Marsha MacDowell

  • Director, Michigan Traditional Arts Program, Residential College in the Arts and Humanities

  • Professor, Department of Art, Art History, and Design

  • Curator, Michigan State University Museum

  • Director, The Quilt Index and Michigan Stained Glass Census, Matrix: Center for Digital Humanities and Social Sciences  

Room 5 MSU Museum
517-290-5195
macdowel@msu.edu 

 

Image shows Marsha MacDowell

 

Education

PhD in Education, Michigan State University
MFA in Studio Art, Michigan State University

Biography

Marsha MacDowell was born in Lansing, grew up in Detroit, and has lived in East Lansing since 1968. In 1974 she and her husband and research partner, Dr. C. Kurt Dewhurst, received grants from the National Endowment for the Arts to research and present an exhibition on Michigan traditional arts. Soon after, they accepted a job offer from MSU to work at the MSU Museum as a team to continue and expand their work. In tandem with Michigan Council for the Arts and Cultural Affairs and many other community partners, supported by many more grants from state and local arts and humanities and private foundations, they oversaw the development of research, education, festival, artist services, digital resource, collections and publication activities under the umbrella Michigan Traditional Arts Program (MTAP), based at the Michigan State University Museum.

MTAP’s mission is “to advance cross-cultural understanding and equity in a diverse society through the documentation, preservation, and presentation of traditional arts, folklife, and everyday culture in Michigan.” While most of MTAP activities were focused on state and regional arts and culture, other programs, such as partnerships with the Smithsonian and with the Nelson Mandela Museum, were national and international in scope. See the MTAP Facebook page and Great Folks blog for updates on programs.

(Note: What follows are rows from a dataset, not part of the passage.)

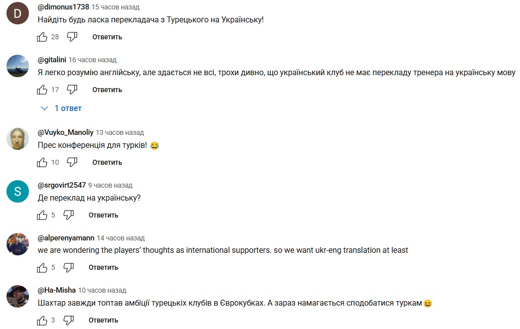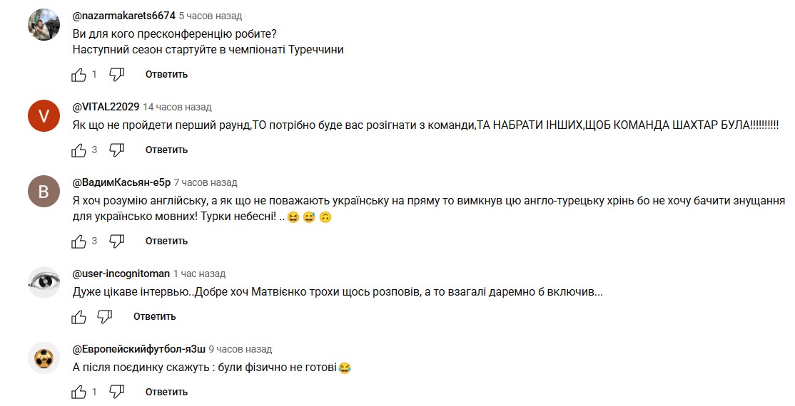 В комментариях под видео украинцы призвали "Шахтер" нанять переводчика, который переводил бы слова Турана на украинский язык. Один из пользователей заявил, что "Шахтеру" с таким подходом к родным болельщикам следует выступать в чемпионате Турции, а не Украины.
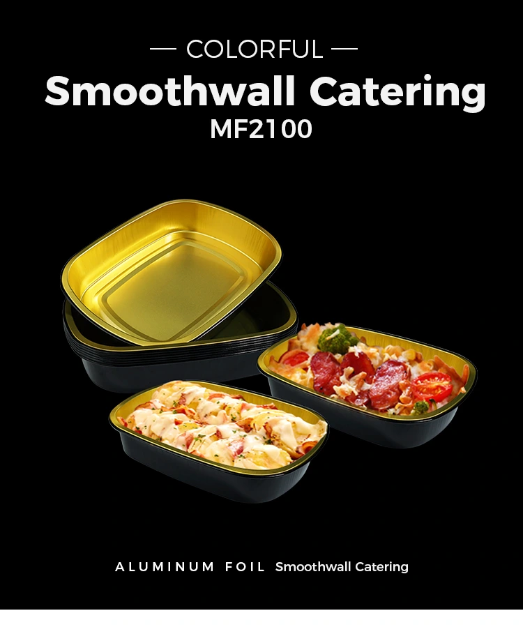 ​Yunchu Aluminum Foil Supplier Disposable black gold catering Rectangular Aluminum Foil Containers is suitable for large-volume catering and takeaway industries, especially suitable for baking, catering chains and self-service chains and other scenarios, the product is made of 8011 food-grade aluminum foil material, the height is low and suitable for some turkey, grilled fish, stew and other foods with many Les ingrédients à placer peuvent être utilisés avec le couvercle d'étanchéité en aluminium et le couvercle entièrement transparent entièrement transparent, avec d'excellentes performances d'étanchéité, une résistance à haute température et une fonction de prévention de l'huile et des fuites. Il est largement utilisé dans divers scénarios tels que l'emballage alimentaire, le chauffage, la réfrigération et la livraison à emporter. La surface adopte une conception de paroi légère, avec une apparence plate et lisse, ce qui est pratique pour le scellage automatique du film scellé par la chaleur, améliorant ainsi l'efficacité de l'emballage.
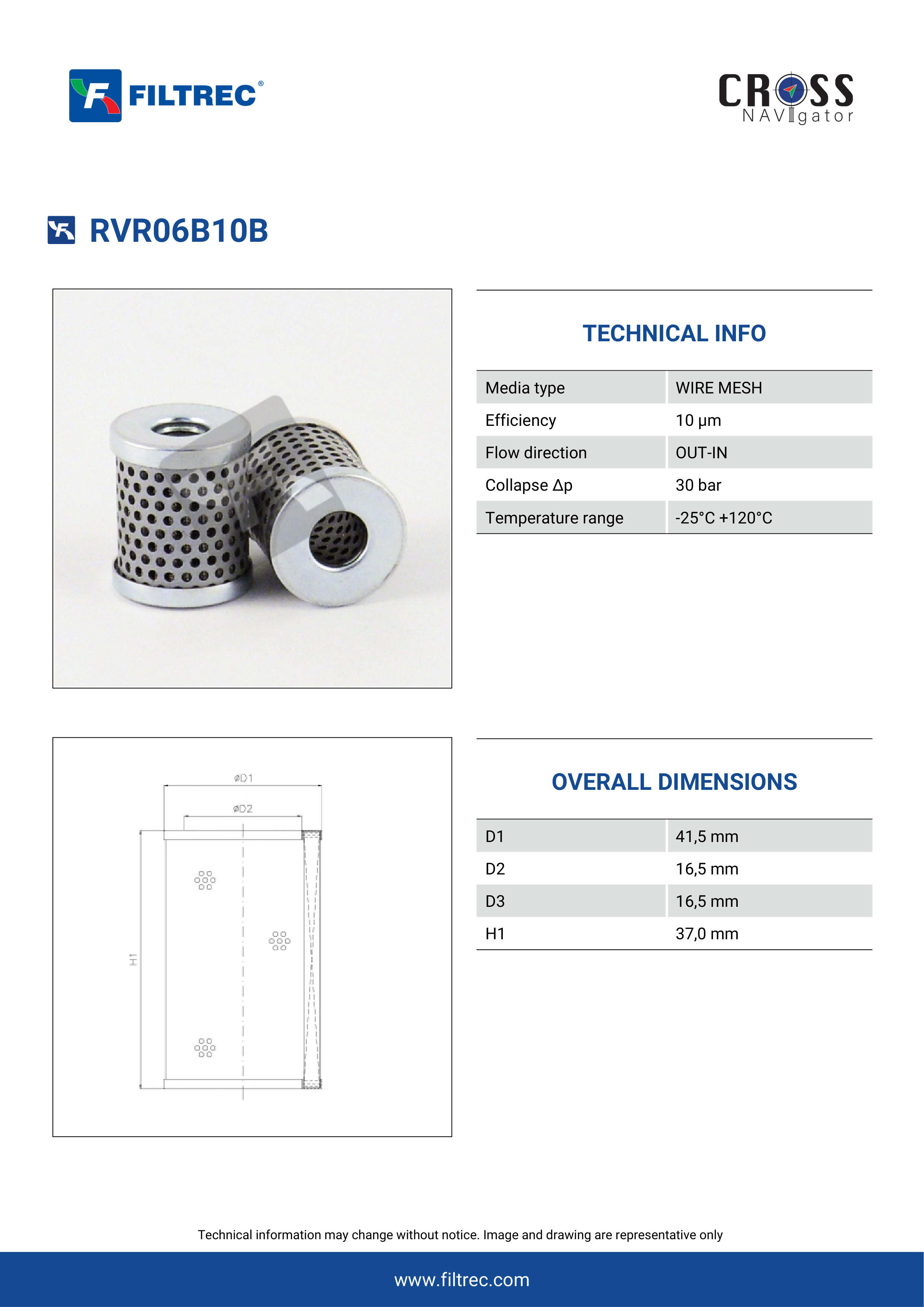 Genuine Filtrec RVR06B10B. This Filtrec element is designed to meet or exceed the quality and performance of brand OEM’s ensuring superior filtration performance and long-lasting durability.
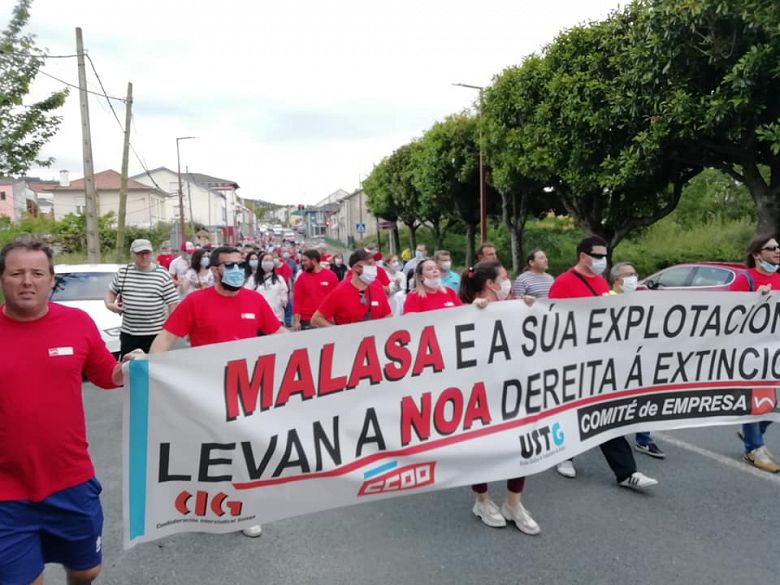 "O único compromiso de Malasa, aseveraron, é coa idea de que o seu persoal ten que ser dócil e mal pagado e de manter a precariedade e de incumprir sistematicamente a lexislación laboral máis básica". Fronte a isto, as traballadoras e os traballadores de Noa sinalaron que ela e eles si son un exemplo de compromiso "na defensa dos nosos dereitos, do emprego e co futuro das nosas familias e desta comarca tan maltratada na que vivimos e na que queremos seguir vivindo".
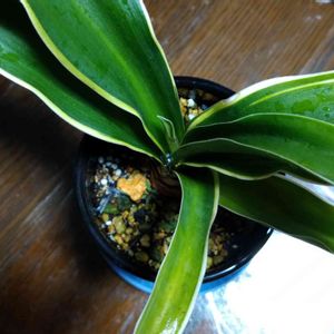 ■東洋蘭とか万年青とかの続報 一昨日植え替えたクンシランの土が余ったので、1月末に衝動的にポチって以来、水ごけのままで室内放置だったオモトと春蘭と寒蘭をクンシランの土で植え替えました。果たして、土が合うのか合わないのかは定かではございませんが、何とかなるでしょう。 最高気温22℃、最低気温13℃ (左から) ・斑入り万年青(オモト) 品種不明 ・春蘭(シュンラン) 斑入り 玉殿の松 ・和蘭 神龍爪 ・寒蘭(カンラン) 楠山産チャボ ・斑入り万年青(オモト) 筑紫の花
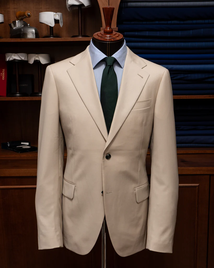 - Carattere: Unisce la formalità della giacca a due bottoni alla spensieratezza di un tessuto leggero e naturale.
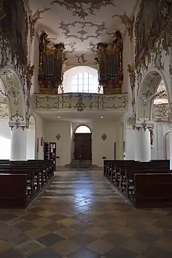 Dementsprechend ist auch die Ausleuchtung des Mittelschiffs verhältnismäßig schlecht. Es bezieht sein Licht beinahe nur vom großen Westfenster auf der Orgelempore und von den Chorfenstern, sodass Stuck und Fresken wesentlich schlechter zur Geltung kommen als in einem vergleichbaren, lichten Rokokosaal. Die Westempore erstreckt sich in unterschiedlicher Höhe über alle drei Schiffe und überdeckt beinahe das gesamte rückwärtige Langhausjoch. Unter der Empore ist im südlichen Seitenschiff die neue Sakristei eingebaut, die 1760 aus dem engen, finsteren Sakristeianbau an der Ostfassade dorthin verlegt wurde. Als Pendant entspricht ihr die Heilig-Grab-Kapelle unter der Empore im Nordschiff. Sie entstand bei der neugotischen Renovierung und besitzt eine flache Kassettendecke mit applizierten Sternrippen.[13]
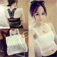 外穿夏季女莫代尔棉打底裹胸吊带背心后背蝴蝶结缕空抹胸中长短款
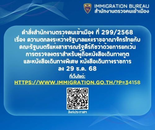 คำสั่ง สตม. ที่ 299/2568 เรื่อง ความตกลงระหว่างรัฐบาลแห่งราชอาณาจักรไทยกับคณะรัฐมนตรีแห่งส
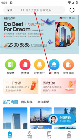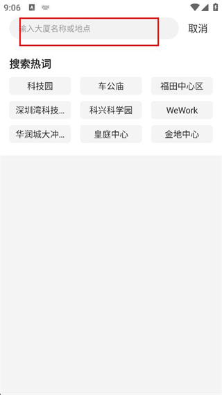2、点击搜索框并输入目标大厦名称或具体地点。
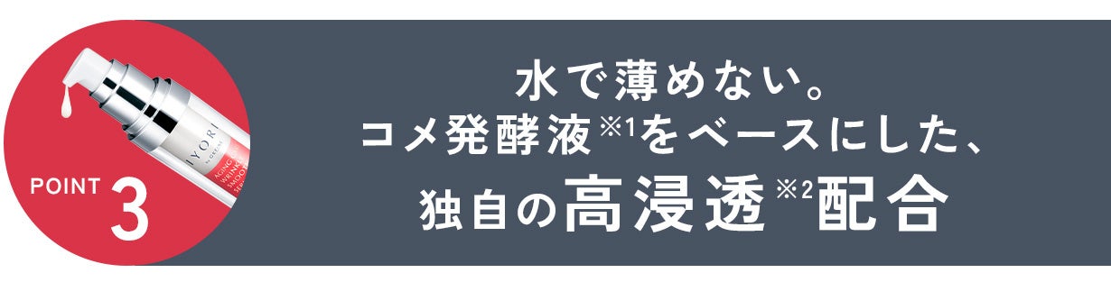 つけた後、潤いを感じさせる「コメ発酵液※1」を水の代わりにベースとして使用。有用成分を肌の奥※2まで送り届けるブースターのような使い心地で、保湿効果も高められます。
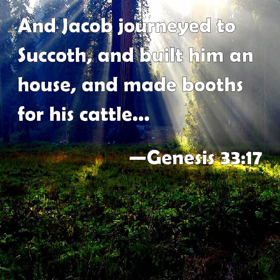 Choose a Background Genesis 33:17 And Jacob journeyed to Succoth, and built him an house, and made booths for his cattle: therefore the name of the place is called Succoth. KJV: And Jacob journeyed to Succoth, and built him an house, and made booths for his cattle: therefore the name of the place is called Succoth. DRB: And Jacob came to Socoth: where having built a house, and pitched tents, he called the name of the place Socoth, that is, Tents. DBT: And Jacob journeyed to Succoth, and built himself a house, and for his cattle he made booths. Therefore the name of the place was called Succoth. ERV: And Jacob journeyed to Succoth, and built him an house, and made booths for his cattle: therefore the name of the place is called Succoth. WBT: And Jacob journeyed to Succoth, and built him a house, and made booths for his cattle: therefore the name of the place is called Succoth. WEB: Jacob traveled to Succoth, built himself a house, and made shelters for his livestock. Therefore the name of the place is called Succoth. YLT: and Jacob hath journeyed to Succoth, and buildeth to himself a house, and for his cattle hath made booths, therefore hath he called the name of the place Succoth.Links Genesis 33:17 NIV • Genesis 33:17 NLT • Genesis 33:17 ESV • Genesis 33:17 NASB • Genesis 33:17 KJV • Genesis 33:17 Interlinear • Genesis 33:17 Commentaries • Genesis 33:17 Parallel Texts • Genesis 33:17 Bible Apps • Genesis 33:17 Parallel • Bible Hub |
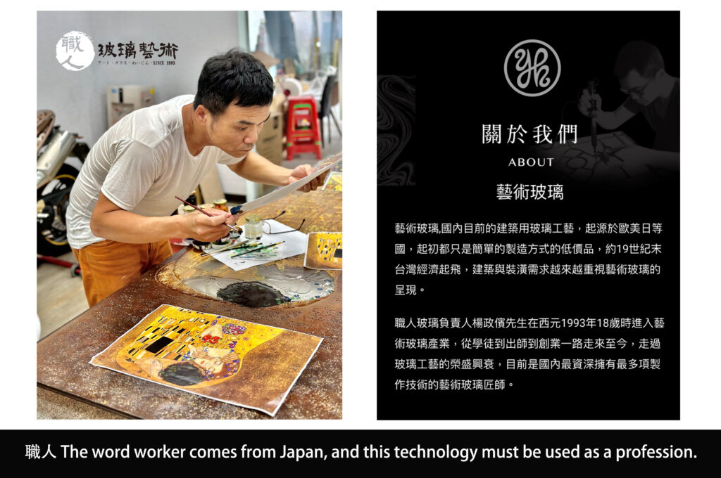 職人玻璃藝術負責人楊政儐先生,十八歲開始學藝術玻璃至今三十二載,將工藝技術與藝術造詣磨練至爐火純青,才能完成這幅一貫天道的觀世音菩薩藝術玻璃,也是台灣唯一純手工繪製全彩仙佛法像的第一人。這篇文章將仔細敘述楊政儐先生與仙佛藝術玻璃的緣份,還有歷經一生苦難方能練就極致手藝的心路歷程。
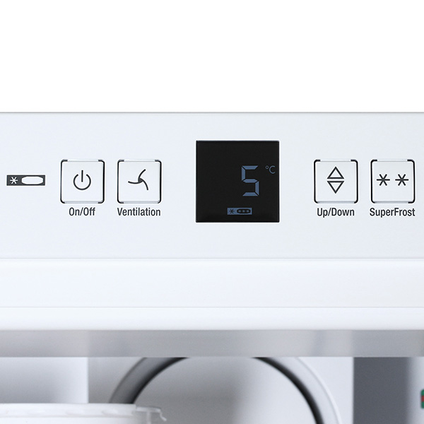 Электронное оформление осуществляется с помощью цифрового дисплея. Он информирует о том, что холодильник включён, показывает температуру в обеих камерах и позволяет её регулировать.
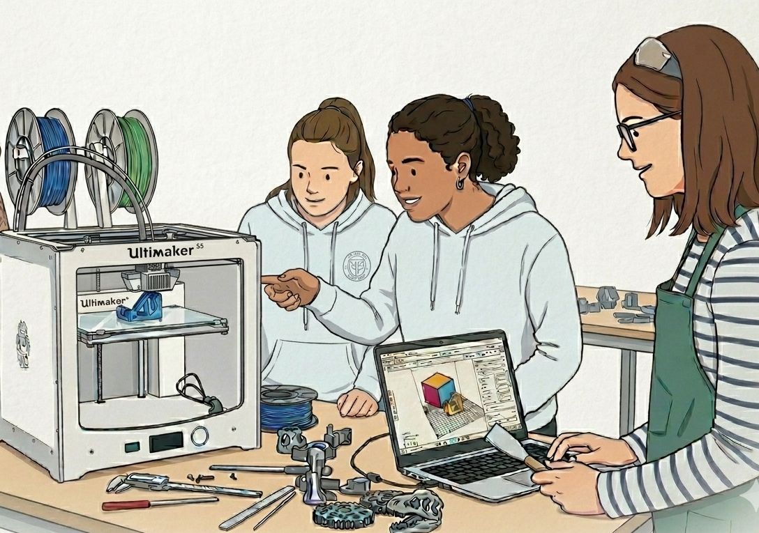 Beim gemeinsamen Workshop mit der Girls' Academy lernt ihr die Grundlagen des 3D-Drucks kennen. Ihr könnt euch selbst mit einem einfachen CAD-Programm am 3D-Drucker ausprobieren und nach dem Workshop euer erstes eigenes Modell - einen Schlüsselhänger - mitnehmen.
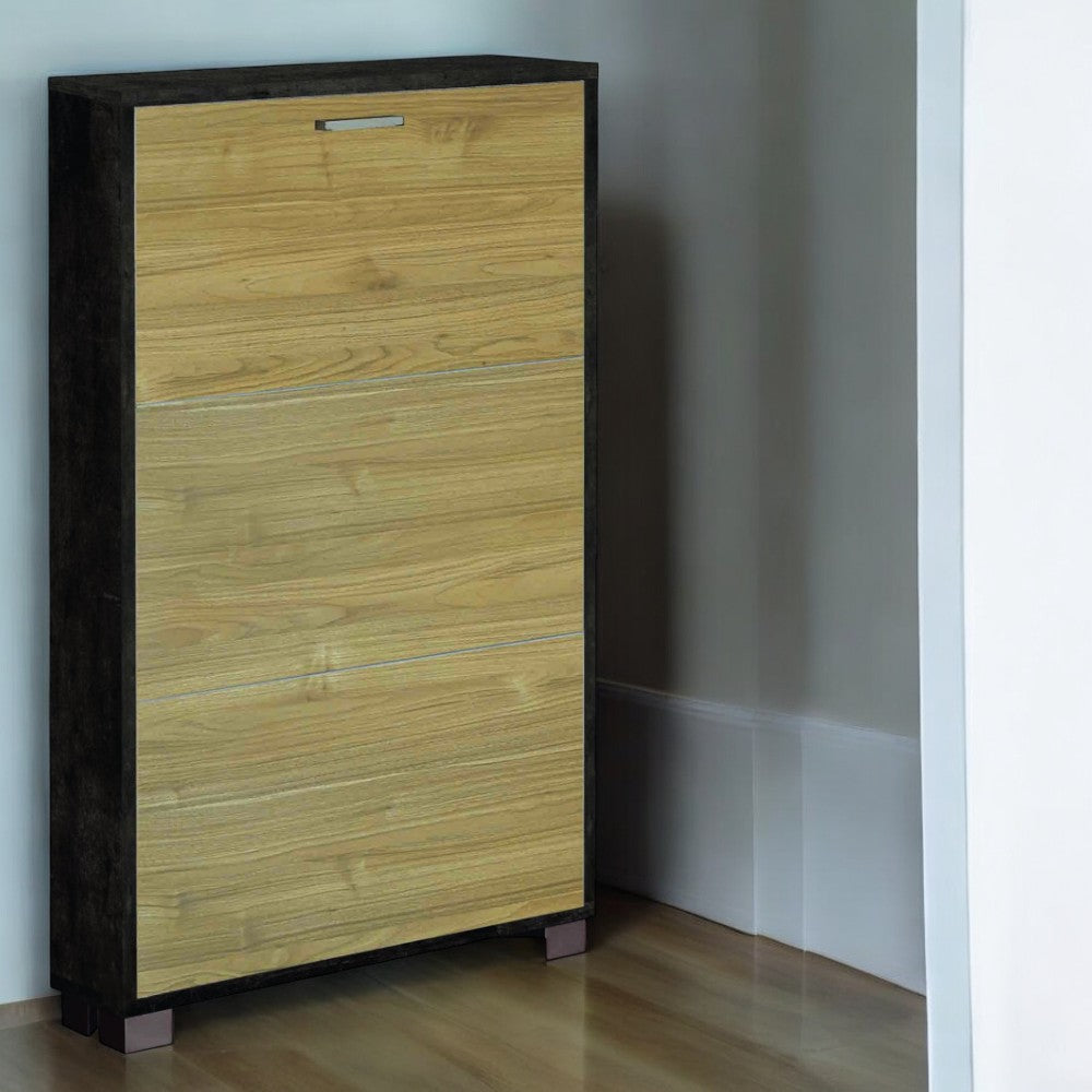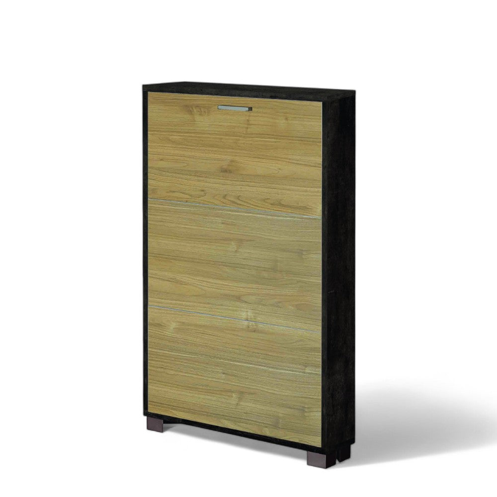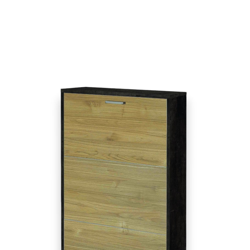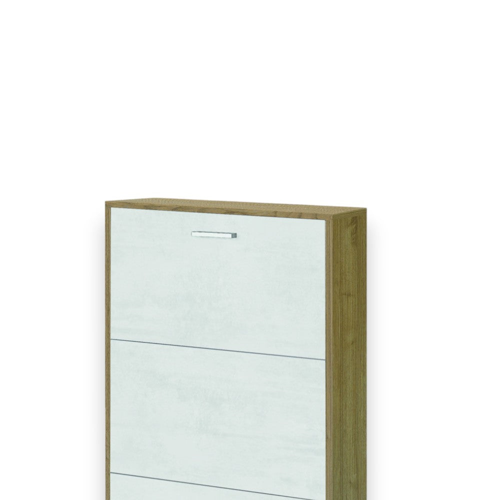 Scarpiera tre ante salvaspazio in MDF finitura titanio e quercia bianco dimensioni co...

In 2020, as the MSU Museum moved towards more science education activities, the Michigan Traditional Arts Program was transferred out of the museum, divided into three components (outreach and engagement; digital humanities; and collections) with the new administrative home being the Residential College in the Arts and Humanities (RCAH). This transition is challenging but also exciting as we look forward to working within a unit that so values community engagement, diversity, and inclusion connected with arts and humanities.

As to her own research interests, her work as a publicly engaged scholar is grounded in an interdisciplinary approach to material culture and is informed primarily by art historical, folkloristic, and ethnographic theories and methodologies. For many years, her work has been largely focused on:

  • Documentation and analysis of the production, meaning, and use of traditional material culture (especially that of Hmong-Americans, Native Americans, South Africans, and women and more recently Chinese);
  • Analysis of the role of museums in contemporary society;
  • Development of educational resources and public arts policies related to traditional arts;
  • Development of curriculum materials related to community-based knowledge;
  • And creation of innovative ways, including digital repositories, to increase access to and use of traditional arts materials.

The overwhelming majority of her work has, by design and philosophy, been developed and implemented in collaboration with representatives of the communities affiliated with the foci of projects.